2. Basic concepts and methods of multidimensional statistics

There are situations in which random variability was represented by one or two random values, signs. For example, when studying a statistical population of people, we are interested in height and weight. In this situation, no matter how many people are included in the statistical population, we can always make a scatter chart and see the whole picture. But if, for example, there are three signs, a sign is added — the age of a person, then the scattering diagram should be compiled in three-dimensional space. It is already quite difficult to imagine a set of points in three-dimensional space.

In fact, in practice, not every observation is represented by one, two or three numbers, but by some a visible set of numbers that describe dozens of characters. In this situation, in order to compile a scattering diagram, it would be necessary consider multidimensional spaces. Statistics section dedicated to the research of experiments with multidimensional observations, it is called multidimensional statistical analysis [1].

Measuring several features (properties of an object) at once in one experiment is generally more natural than measuring any one, two. Therefore, potentially multidimensional statistical analysis has a wide field of application.

Multidimensional statistical analysis includes the following sections:

factor analysis;
discriminant analysis;
cluster analysis;
multidimensional scaling;
methods of quality control.

2.1 Factor analysis

In modern statistics, this method of data analysis is used to identify hidden factors, affecting the observed variables. The basic idea of factor analysis is that many variables can be reduced to a smaller number of factors that explain the main trends and the relationships between these variables.

Factor analysis can be applied in many fields, from economics and business to medical and psychological statistics. This method helps researchers determine which factors influence the observed variables and which variables are most sensitive to the effects of these factors.

One of the most important tasks that can be solved with the help of factor analysis is to identify the main factors influencing the change in indicators within a certain sample. In addition, factor analysis can be it is used to determine the relationships between various variables, as well as to predict the values of these variables, based on based on available data [2].

In general, factor analysis is a powerful tool that allows researchers to more deeply and accurately study the relationships between different variables, identify hidden factors and create more accurate models for predicting the future values of these variables.

The main idea of factor analysis is to identify the most important and significant factors in the set variables with similar characteristics.

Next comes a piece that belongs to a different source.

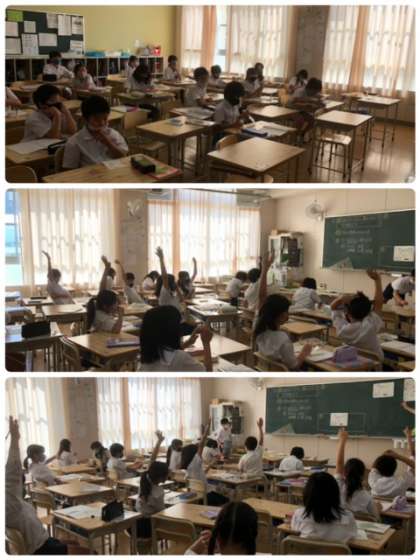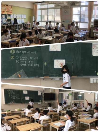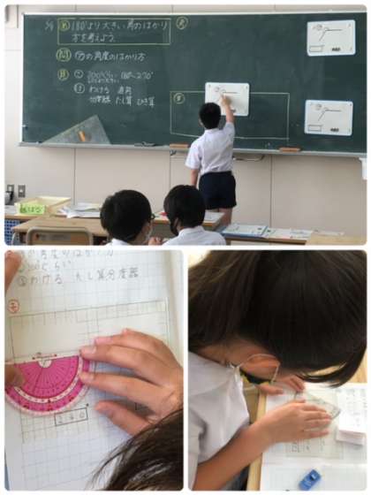 4年生の角度の学習です。分度器を使ったり、式で考えたり答えに辿り着くため、いろいろと考えていました。発表する祭も、根拠を示して説明できていました。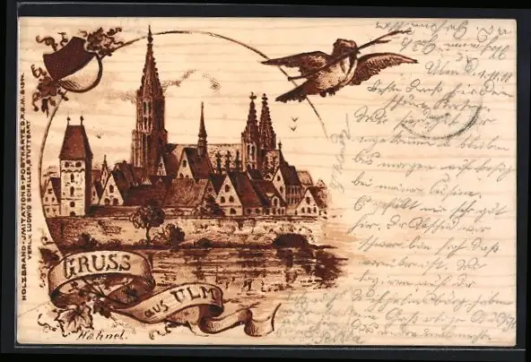 Holzbrand-Imitations-AK Ulm, Totalansicht mit Münster

To understand factor analysis, it is necessary to know the basic concepts and definitions that are part of it theoretical apparatus. The most important of them are the concepts of factor, factor load, utility, internal value, factor space.

A factor is a kind of hidden variable that explains the relationship between a set of variables. The factors may be different, for example, in medical statistics, diseases can act as factors, in economics – the parameters of economic activity, and in sociology – social facts. With the help of factor analysis, it is possible to identify the most significant factors that have the greatest correlation with the data set and explain the largest part of the variability.

Factor load is a coefficient that shows how strongly each indicator affects a given factor. Factorial the load can be positive or negative, which indicates the direction of influence. The higher the factor load, the a specific indicator plays an important role in the formation of this factor.

Utility is a coefficient that shows how much a single indicator is explained by a common factor. Utilities it is close to one if the variable is a good representative of this factor. The closer the utility is to zero, the weaker relation of this variable to the general factor [3].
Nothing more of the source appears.